Aquascaping With Myriophyllum Only: Parrot Feather Walls
With its finely divided, feather-like leaves arranged in dense whorls, Myriophyllum creates some of the most textured backgrounds in aquascaping. An aquascape using Myriophyllum only transforms your tank into a wall of soft green plumes that sway hypnotically in the current — a look that is both lush and surprisingly easy to maintain. Gensou Aquascaping in Singapore has used this approach in display tanks where a single bold texture outperforms complex multi-species layouts.
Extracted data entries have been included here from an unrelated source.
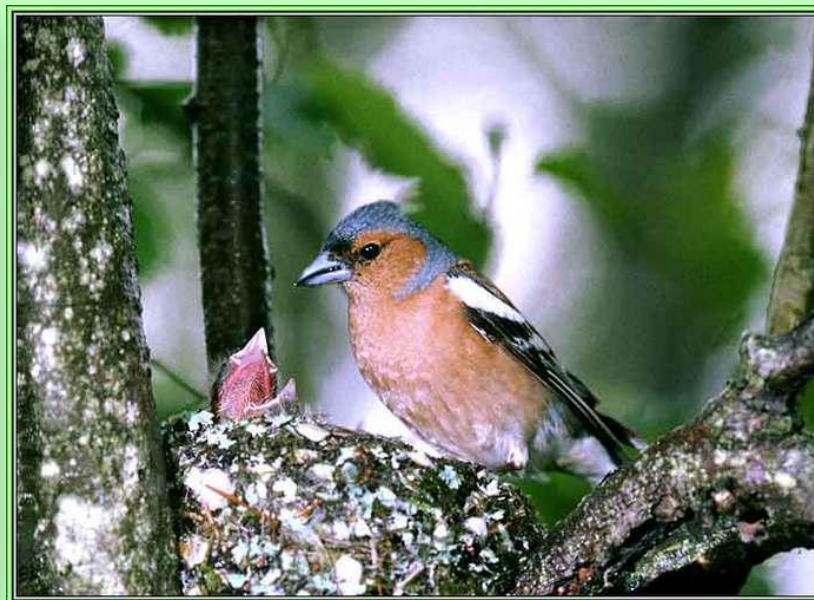
Эта птица у гнезда - зяблик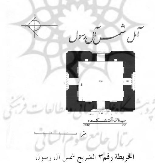
الخريطة رقم ٣ الضريح شمس آل رسول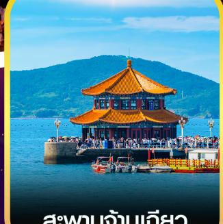
สะพานจันเฉียว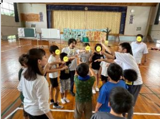
図1) マイムを使ったシアターゲームを取り入れることで共演時の演技の向上に努めています。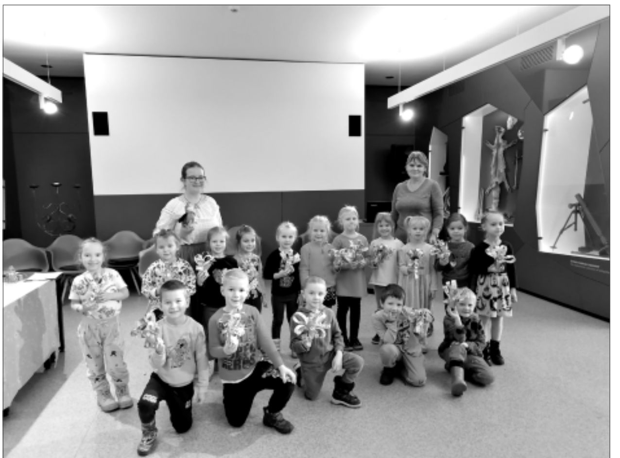
Senlatviešu tradīciju turpinātāji. Īsi pirms Mārtingaiņu muzejā ciemojās PII "Pīlādžītis" bērni, kuri pēc nodarbības bija ne vien vairāk uzzinājuši par Mārtingaiņu tradīcijām, bet izgatavojuši arī katrs savu svētku simbolu – gailīti.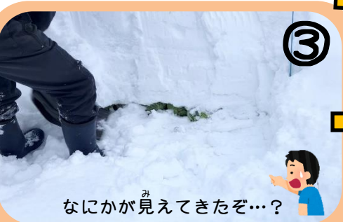
③ なにかが見えてきたぞ...？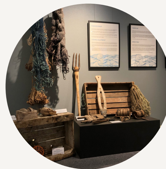
UTSTILLINGEN "MASKEBETT OG NÅL"

Getting to Know Myriophyllum
Myriophyllum is a genus of around 70 species found across every continent except Antarctica. In the aquarium hobby, the most commonly kept species are M. mattogrossense (bright green, fast-growing), M. tuberculatum (reddish-brown under high light), and M. guyana (compact, fine-leaved). Each has a slightly different character, but all share the signature feathery architecture that makes this genus so visually distinctive.
Choosing the Right Species
M. mattogrossense is the best starting point for a mono-species tank. It tolerates moderate light, grows quickly, and maintains good colour without demanding high-intensity fertilisation. M. tuberculatum turns a rich coppery red under strong lighting with iron supplementation — stunning as a single-species display but more demanding. For nano tanks under 30 litres, M. guyana stays compact and proportionate without overwhelming the space.
Planting Strategy
Plant individual stems 2-3 cm apart in a nutrient-rich substrate. Push each stem 3-4 cm deep, burying at least two nodes to encourage root development. Unlike some stem plants, Myriophyllum roots readily and anchors firmly once established. For immediate impact, plant densely — 40-50 stems in a 60 cm tank. Within three weeks, side shoots fill the gaps and the wall effect begins to emerge.
Stagger the planting depth front to back: shorter stems in front, taller ones behind. This creates a gentle slope of feathery foliage that adds dimension to the mono-species layout.
Light, CO2, and Nutrients
Moderate lighting (30-50 PAR at substrate) keeps M. mattogrossense healthy and green. Higher light intensifies colour in red species but also accelerates algae risk if nutrients are not balanced. CO2 injection at 20-30 ppm is strongly recommended — Myriophyllum grows noticeably denser and more compact with supplemental carbon. Without CO2, stems elongate and leaves become sparse.
Dose a balanced NPK fertiliser alongside micronutrients. Iron is particularly important for red varieties — 0.1-0.2 ppm of chelated iron keeps M. tuberculatum glowing. Singapore’s soft tap water (GH 2-4) is naturally low in calcium and magnesium, so consider adding GH booster if you notice stunted tips.
Trimming and Propagation
Expect growth rates of 5-8 cm per week under optimal conditions. Trim stems to half their height and replant the cuttings to fill bare spots. Regular topping — every 7-10 days — forces side shoots and creates a bushier, more uniform wall. Neglect trimming for a fortnight and the lower portions lose light, shedding leaves and turning brown. Consistency is the key to a clean mono-species look.
Common Problems
Melting lower leaves usually signal insufficient light penetration through the upper canopy — trim more aggressively. Thread algae tangling in the fine whorls is a sign of excess light or nutrient imbalance; reduce photoperiod to 7 hours and increase CO2. If stems become leggy with wide gaps between leaf whorls, light intensity is too low or the spectrum is wrong. A full-spectrum LED in the 6500K range suits Myriophyllum well.
Fish That Complement the Look
Small schooling fish disappear beautifully into a Myriophyllum forest. Rummy-nose tetras (Hemigrammus rhodostomus) add a flash of red against the green, while Trigonostigma heteromorpha (harlequin rasboras) bring warm copper tones. Avoid large or boisterous fish — they uproot stems and break fragile branches. Otocinclus and Amano shrimp (Caridina multidentata) handle algae duty without disturbing the planting.
Building Your Myriophyllum Wall
An aquascape with Myriophyllum only is a masterclass in simplicity — one genus, one texture, maximum impact. It suits both beginners willing to learn stem-plant trimming and experienced hobbyists looking for a striking display with minimal design complexity. Gensou Aquascaping Singapore recommends starting with M. mattogrossense in a 60 cm tank — within a month, you will have a feathery green wall that stops visitors in their tracks.